--- START ---
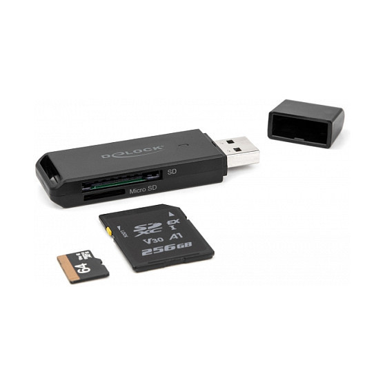 "DeLOCK Card Reader SuperSpeed USB 5 Gbps for SD and Micro SD memory cards. Compatible memory cards: MicroSD (TransFlash), SD, SDHC, SDXC, Product colour: Black, Data transfer rate: 5000 Mbit/s. Interface: USB. Width: 21 mm, Depth: 70 mm, Height: 9 mm. Quantity per pack: 1 pc(s), Package type: Box"\n"This card reader by Delock has two memory card slots and allows to read and write different SD, MMC and Micro SD memory cards. The card reader can be connected to a PC or laptop via the USB Type-A interface.
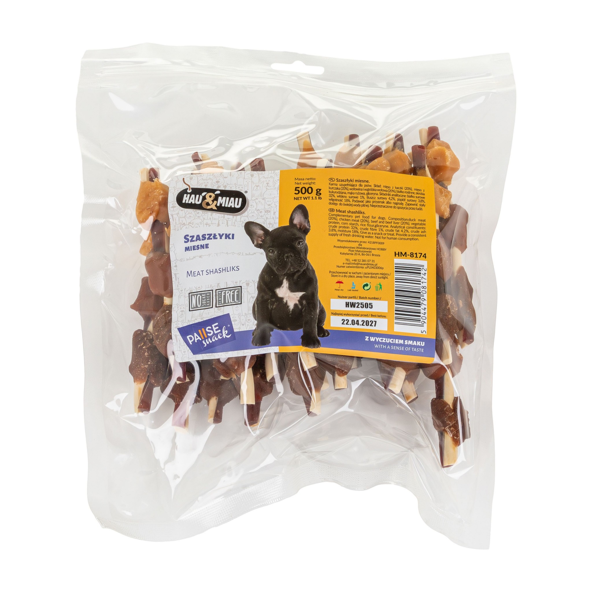 Opakowanie zawiera 500 g szaszłyków, co zapewnia długotrwałą radość i smakowitą przyjemność dla Twojego czworonoga. Szaszłyki są starannie przygotowane, a ich konsystencja sprawia, że są łatwe do żucia i trawienia przez psa. Ich wyjątkowy kształt szaszłyków dodaje zabawy i interakcji podczas podawania przysmaku.
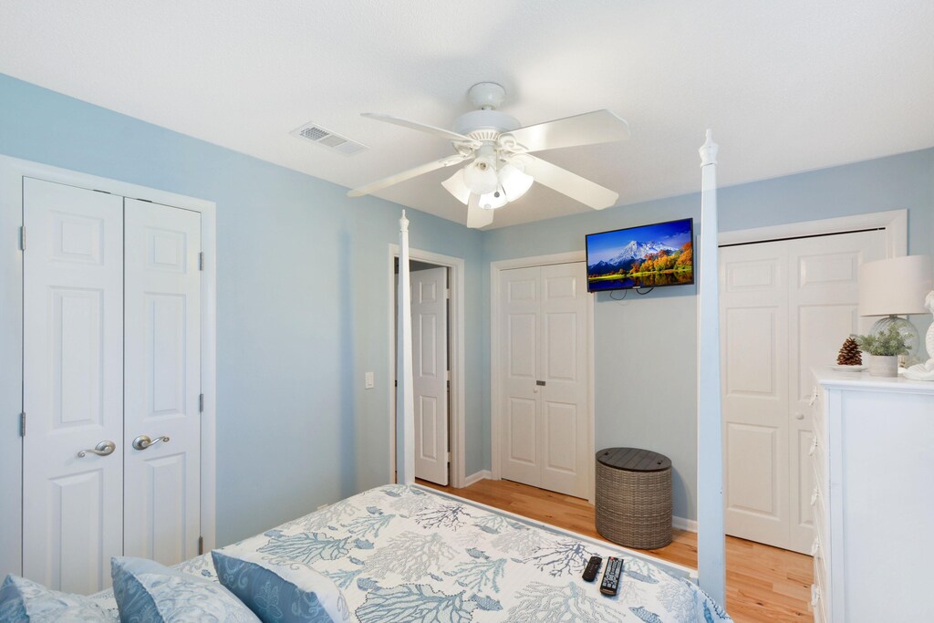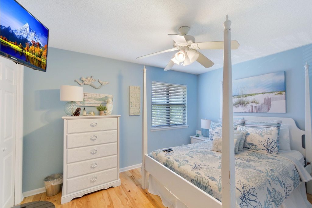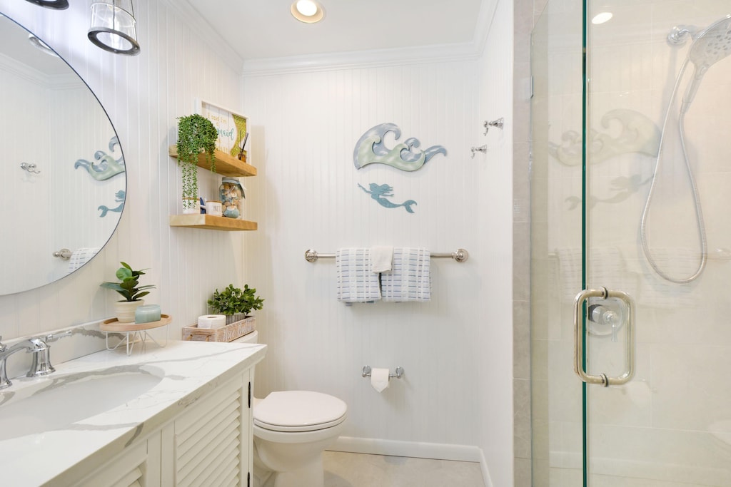 Fall in love with the Master bedroom with king bed and en-suite bath with new walk-in shower. Another guest room with a queen bed is located upstairs with a nearby new full bathroom with a new walk-in shower.
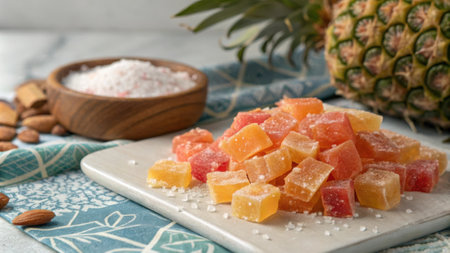 Delightful candied fruits sparkling with sugar create a festive atmosphere during celebrations
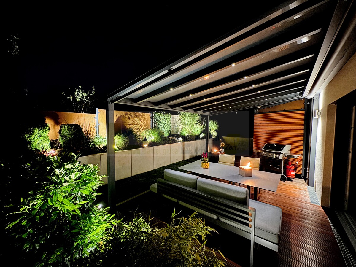 * Private Südwest-Terrasse mit moderner Überdachung, integrierter Beleuchtung und elektrisch ausfahrbarer Markise
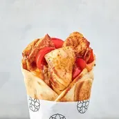 Made with marinated and grilled chicken thigh with akleh sauce, pickled cucumber and colored pepper, all nestled in a fresh bread.
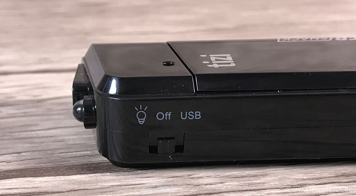 Diese beiden Punkte kann man schnell mit "positiv" abhaken, denn die kleine Box läßt sich leicht öffnen und mit Batterien (so sieht es die Beschreibung vor) oder mit Akkus (das habe ich vorgesehen) betanken. Dann schiebt man den Deckel wieder drauf und kann an einem seitlichen Schiebeschalter zwischen LED-Licht, Off und USB-Ausgang wählen. Eine kleine rote Leuchtdiode zeigt dann an einer Seite noch an, ob gerade Strom über den USB-Port geliefert wird oder nicht.
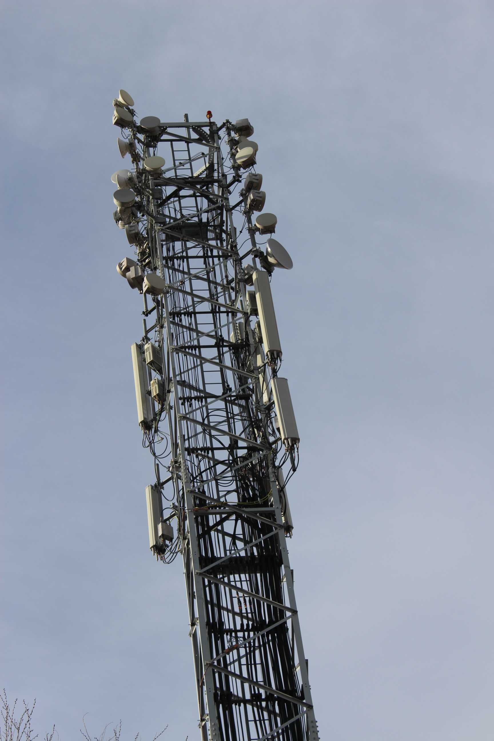 Torre de telefonía móvil en la que convergen múltiples radioenlaces para configurar una estación RNC
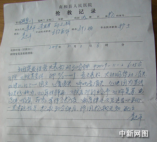 記者在南和縣人民醫(yī)院見到陳雪川的“搶救記錄”,記錄顯示:主因突發(fā)性意識喪失約30分鐘,于2009年11月2日6時(shí)05分入院,入院查體,意識喪失,大動脈搏動消失,雙瞳孔約5mm,固定,心音消失,呼吸音消失,心電圖為直線,初步診斷為心源性猝死,入院后給予綜合搶救,電復(fù)率4次后患者心跳一直未能恢復(fù),搶救30分鐘后,終因搶救無效,死亡。
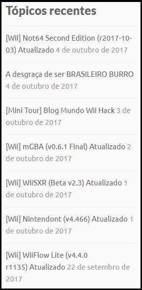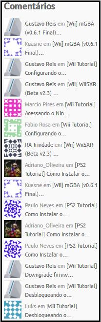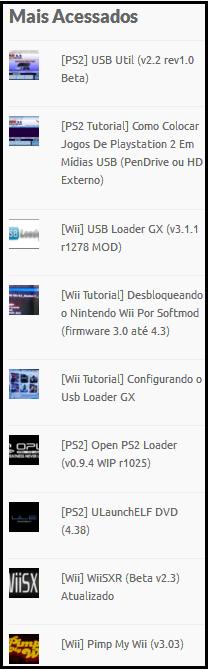 No canto direito do blog, temos uma lista com os últimos postes feitos por algum administrador do blog, seja algum tutorial, aplicativo ou emulador de Nintendo Wii e Playstation 2
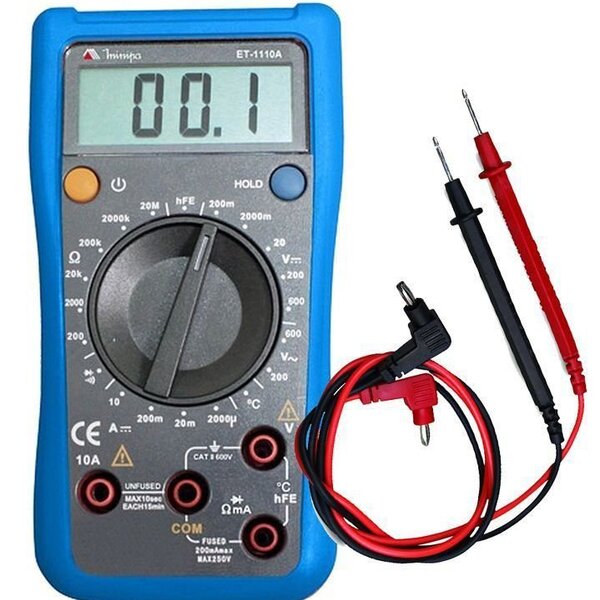 Multímetro de baixo custo e dimensões reduzidas com diversos recursos para aplicações em ambientes monofásicos, bancadas, hobby.Faz medições de tensão DC e AC, corrente DC, resistência,  temperatura,  Alerta de continuidade,  diodo, transistor e a função Data Hold, que congela a leitura no display.
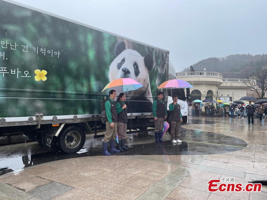 A specially-made vehicle carrying giant panda Fu Bao is to leave Everland in Yongin, South Korea, April 3, 2024. (Photo: China News Service/Liu Xu)
--- END ---
* _What you should do_
Copy out the material exactly as it stands, though no picture should appear in the copy.

* _Answer space_
 "DeLOCK Card Reader SuperSpeed USB 5 Gbps for SD and Micro SD memory cards. Compatible memory cards: MicroSD (TransFlash), SD, SDHC, SDXC, Product colour: Black, Data transfer rate: 5000 Mbit/s. Interface: USB. Width: 21 mm, Depth: 70 mm, Height: 9 mm. Quantity per pack: 1 pc(s), Package type: Box"\n"This card reader by Delock has two memory card slots and allows to read and write different SD, MMC and Micro SD memory cards. The card reader can be connected to a PC or laptop via the USB Type-A interface.
 Opakowanie zawiera 500 g szaszłyków, co zapewnia długotrwałą radość i smakowitą przyjemność dla Twojego czworonoga. Szaszłyki są starannie przygotowane, a ich konsystencja sprawia, że są łatwe do żucia i trawienia przez psa. Ich wyjątkowy kształt szaszłyków dodaje zabawy i interakcji podczas podawania przysmaku.
 Fall in love with the Master bedroom with king bed and en-suite bath with new walk-in shower. Another guest room with a queen bed is located upstairs with a nearby new full bathroom with a new walk-in shower.
 Delightful candied fruits sparkling with sugar create a festive atmosphere during celebrations
 * Private Südwest-Terrasse mit moderner Überdachung, integrierter Beleuchtung und elektrisch ausfahrbarer Markise
 Made with marinated and grilled chicken thigh with akleh sauce, pickled cucumber and colored pepper, all nestled in a fresh bread.
 Diese beiden Punkte kann man schnell mit "positiv" abhaken, denn die kleine Box läßt sich leicht öffnen und mit Batterien (so sieht es die Beschreibung vor) oder mit Akkus (das habe ich vorgesehen) betanken. Dann schiebt man den Deckel wieder drauf und kann an einem seitlichen Schiebeschalter zwischen LED-Licht, Off und USB-Ausgang wählen. Eine kleine rote Leuchtdiode zeigt dann an einer Seite noch an, ob gerade Strom über den USB-Port geliefert wird oder nicht.
 Torre de telefonía móvil en la que convergen múltiples radioenlaces para configurar una estación RNC
 記者在南和縣人民醫(yī)院見到陳雪川的“搶救記錄”,記錄顯示:主因突發(fā)性意識喪失約30分鐘,于2009年11月2日6時(shí)05分入院,入院查體,意識喪失,大動脈搏動消失,雙瞳孔約5mm,固定,心音消失,呼吸音消失,心電圖為直線,初步診斷為心源性猝死,入院后給予綜合搶救,電復(fù)率4次后患者心跳一直未能恢復(fù),搶救30分鐘后,終因搶救無效,死亡。
 No canto direito do blog, temos uma lista com os últimos postes feitos por algum administrador do blog, seja algum tutorial, aplicativo ou emulador de Nintendo Wii e Playstation 2
 Multímetro de baixo custo e dimensões reduzidas com diversos recursos para aplicações em ambientes monofásicos, bancadas, hobby.Faz medições de tensão DC e AC, corrente DC, resistência,  temperatura,  Alerta de continuidade,  diodo, transistor e a função Data Hold, que congela a leitura no display.
 A specially-made vehicle carrying giant panda Fu Bao is to leave Everland in Yongin, South Korea, April 3, 2024. (Photo: China News Service/Liu Xu)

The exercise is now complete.